**THE PROBLEM:**
Print the line containing "Dal menu salentino" and all lines after it to the end of the records below, exactly as written. No pictures.

Items from a data source
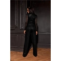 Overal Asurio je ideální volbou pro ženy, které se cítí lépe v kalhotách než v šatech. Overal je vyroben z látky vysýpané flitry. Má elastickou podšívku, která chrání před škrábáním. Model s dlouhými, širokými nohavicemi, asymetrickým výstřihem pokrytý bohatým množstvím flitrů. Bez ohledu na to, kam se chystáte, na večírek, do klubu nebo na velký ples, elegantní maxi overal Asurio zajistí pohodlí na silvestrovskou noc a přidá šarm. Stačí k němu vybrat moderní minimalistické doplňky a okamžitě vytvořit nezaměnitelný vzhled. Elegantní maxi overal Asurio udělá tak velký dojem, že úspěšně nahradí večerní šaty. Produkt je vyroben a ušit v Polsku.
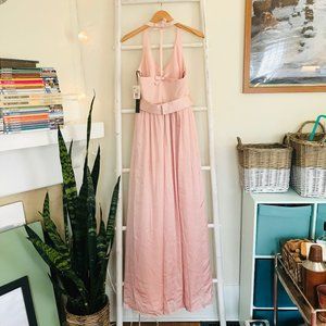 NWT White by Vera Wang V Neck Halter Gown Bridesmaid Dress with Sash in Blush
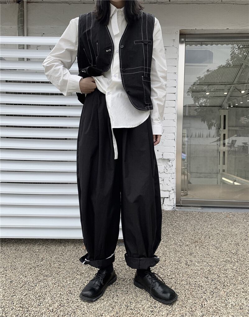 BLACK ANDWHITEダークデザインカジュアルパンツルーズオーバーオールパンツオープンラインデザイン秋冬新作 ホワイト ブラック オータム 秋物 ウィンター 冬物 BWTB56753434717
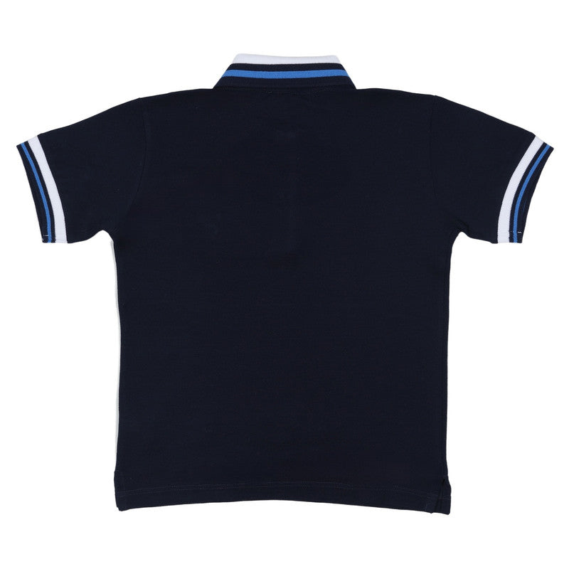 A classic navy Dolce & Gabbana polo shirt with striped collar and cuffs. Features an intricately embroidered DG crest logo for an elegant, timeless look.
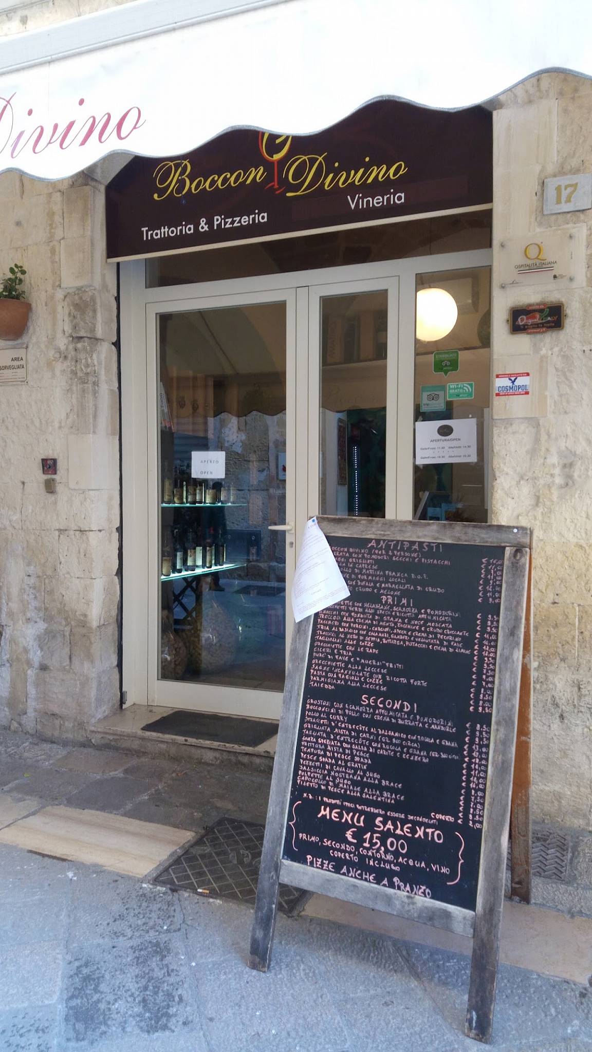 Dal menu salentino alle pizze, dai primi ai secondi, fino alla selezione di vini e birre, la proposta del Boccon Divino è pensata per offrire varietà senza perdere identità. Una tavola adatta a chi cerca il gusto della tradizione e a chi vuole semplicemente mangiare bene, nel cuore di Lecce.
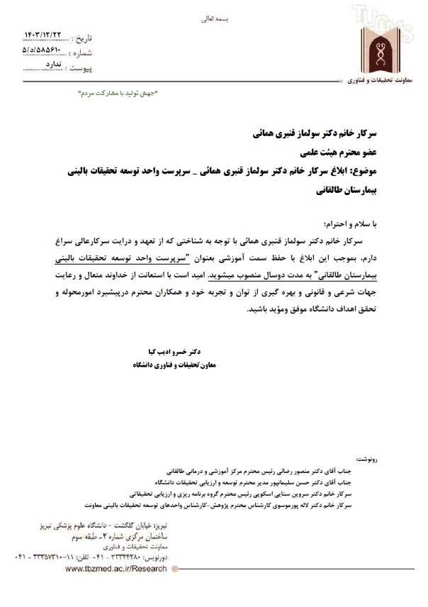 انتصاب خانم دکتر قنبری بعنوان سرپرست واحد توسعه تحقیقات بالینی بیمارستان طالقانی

**OUTPUT BELOW:**
 Dal menu salentino alle pizze, dai primi ai secondi, fino alla selezione di vini e birre, la proposta del Boccon Divino è pensata per offrire varietà senza perdere identità. Una tavola adatta a chi cerca il gusto della tradizione e a chi vuole semplicemente mangiare bene, nel cuore di Lecce.
 انتصاب خانم دکتر قنبری بعنوان سرپرست واحد توسعه تحقیقات بالینی بیمارستان طالقانی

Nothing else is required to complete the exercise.